Utility Functions for masking and preprocessing

In [19]:
# define a function that depends on a binary mask representing if an image region is hidden
def mask_image(zs, segmentation, image, background=None):
    
    if background is None:
        background = image.mean((0, 1))
        
    # Create an empty 4D array
    out = np.zeros((zs.shape[0], 
                    image.shape[0], 
                    image.shape[1], 
                    image.shape[2]))
    
    for i in range(zs.shape[0]):
        out[i, :, :, :] = image
        for j in range(zs.shape[1]):
            if zs[i, j] == 0:
                out[i][segmentation == j, :] = background
    return out


def f(z):
    return model.predict(
        preprocess_input(mask_image(z, segments_slic, img_orig, 255)))

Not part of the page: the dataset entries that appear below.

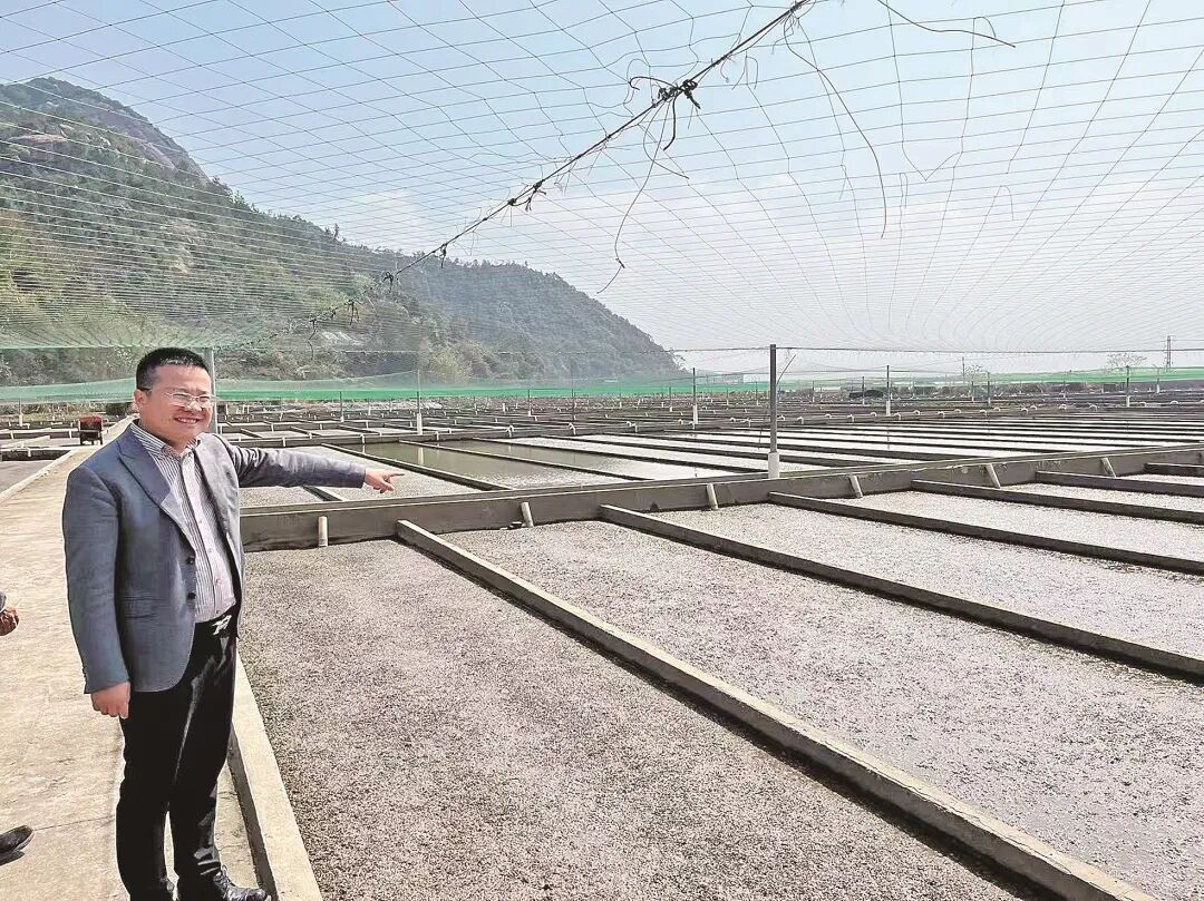 周洪磊介绍自己公司人工养殖的一块块沙蚕“田”。 “沙蚕被誉为‘海里的冬虫夏草’,既是‘万能鱼饵’,又是饕餮美食,备受青睐。”洋泽科技总经理周洪磊说,公司因养殖沙蚕而创立,2018年至今,已发展成集良种开发、生态养殖、水产品加工销售和生态修复于一体的国家高新技术企业、农业产业化省级重点龙头企业,拥有“罗源湾”“洋泽饵业”等知名品牌。 退役军人周洪磊今年42岁,现为罗源县政协常委、罗源县青年创业促进会会长、罗源县鲍鱼协会会长。 “从部队退役后,我一心想干一番事业。”服役两年后,周洪磊于2004年从部队光荣退役,只身前往厦门,开启创业路。经过市场调研,他发现“钓娱经济”在厦门发展迅猛,便将创业领域锁定在渔具行业。周洪磊抓住机遇,代理国内外名牌渔具,并于2010年合伙创办了主营渔具批发的厦门西岩商贸有限公司。当年,公司实现营业额2000多万元,他获得人生“第一桶金”。 在经营渔具的过程中,周洪磊敏锐地发现,“万能钓饵”沙蚕在钓鱼旺季供不应求,市场潜力巨大,特别是夏季,基本断货。 为此,2015年,周洪磊毅然回到家乡罗源县开辟创业新路,带领战友及村民创立沙蚕专业养殖合作社。之后,他到日本、韩国取经,建起沙蚕养殖基地。基地模拟沙蚕的野外生长环境,用海泥建造“标准田”,设计了管道,按照海水涨退潮规律冲刷和供食。
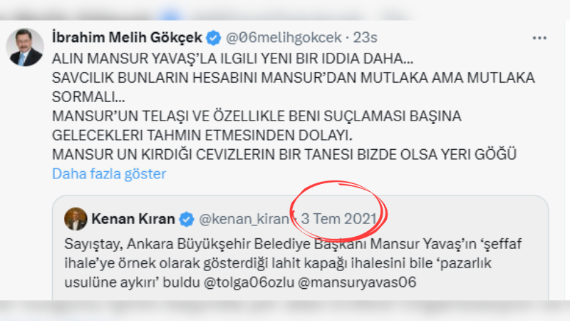 3 Temmuz 2021 tarihinde Sabah gazetesi Yazarı Kenan Kıran, Ankara Büyükşehir Belediye Başkanı Mansur Yavaş’ın “şeffaf ihale” örneği olarak gösterdiği lahit kapağı ihalesinin, Sayıştay tarafından “pazarlık usulüne aykırı” bulunduğunu belirten bir paylaşım yaptı. Bu paylaşımı alıntılayan Melih Gökçek ise sosyal medya hesabından sert açıklamalarda bulundu. “Alın Mansur Yavaş’la ilgili yeni bir iddia daha…” diyerek başlayan paylaşımında Gökçek, savcılığı göreve çağırarak bu tür usulsüzlüklerin mutlaka soruşturulması gerektiğini vurguladı. Mansur Yavaş’ın kendisini suçlamasının, “başına gelecekleri tahmin etmesinden” kaynaklandığını öne süren Gökçek, “Mansur’un kırdığı cevizlerin bir tanesi bizde olsa yeri göğü inletirlerdi.” sözleriyle kamuoyuna çifte standart eleştirisi yöneltti.
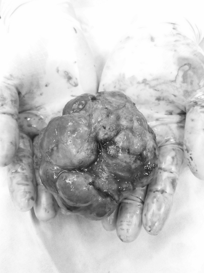 ??? 青春期的少女乳房有一個巨大腫塊,需要手術治療。單純切除乳房腫塊并不難,但如何選擇手術切口,讓疤痕隱蔽,又盡可能減少乳管的損傷,需要費一番周折。我安排女孩當日住院,完善術前檢查,第二天下午手術。術中我選擇盡可能小的切口,并設計在乳腺的下皺折線上,同時采用精細的皮內縫合,這樣切口愈合后會形成一條白線,避免疤痕偽足,也比較隱蔽。然后我從乳腺的外緣去分離腫塊,避免了乳暈區(qū)感覺神經的損傷,也保護了乳頭下方的導管。最后采用像胎兒分娩一樣的方法從4cm的切口中拖出了腫塊,腫瘤連同包膜被完整切除。20分鐘后冰凍病理檢查報告是良性的,與術前判斷一致。2天后,女孩順利出院,無需拆線。
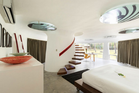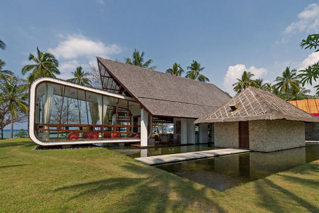 Canadian architect David Lombardi’s concept of ‘Function over Form’ leaves Villa Sapi’s guests with a sense of discovery and surprise at every turn, from the traditionally styled, grass-roofed building that houses the main kitchen to a futuristic home theatre.
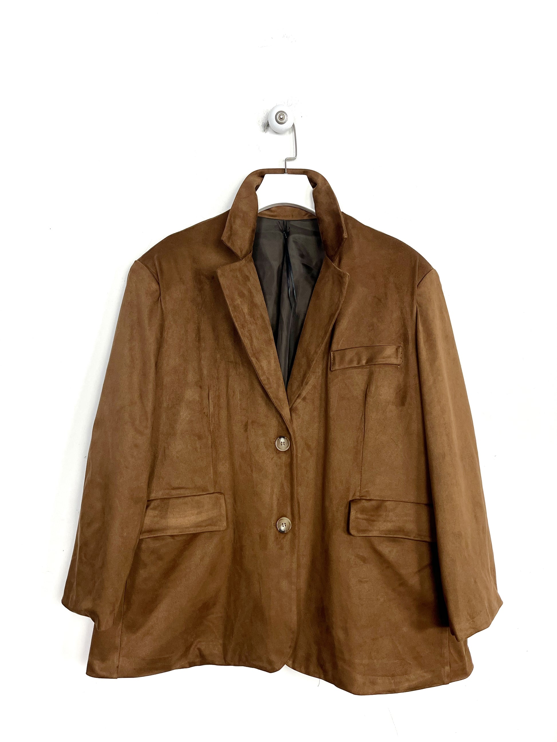 Blazer in tessuto scamosciatoclassico dal taglio over manica lunga. Colletto e revers, tasche con baschina. Chiusa da due bottoni con asole. Spallotte. Foderata.
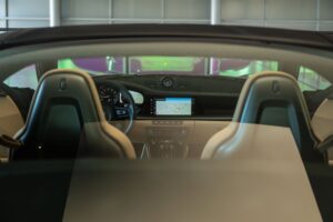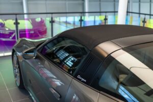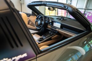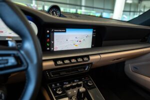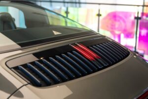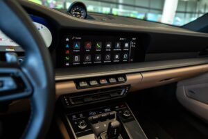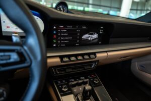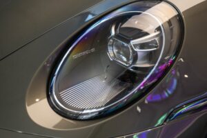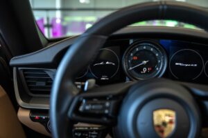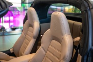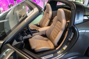 - Porsche wapen in de hoofdsteunen

def fill_segmentation(values, segmentation):
    out = np.zeros(segmentation.shape)
    for i in range(len(values)):
        out[segmentation == i] = values[i]
    return out
In [39]:
masked_images = mask_image(np.zeros((1,50)), segments_slic, img_orig, 255)

plt.imshow(masked_images[0][:,:, 0]);
plt.axis('off');

Create an explainer and shap values

In [83]:
# use Kernel SHAP to explain the network's predictions
explainer = shap.KernelExplainer(f, np.zeros((1,50)))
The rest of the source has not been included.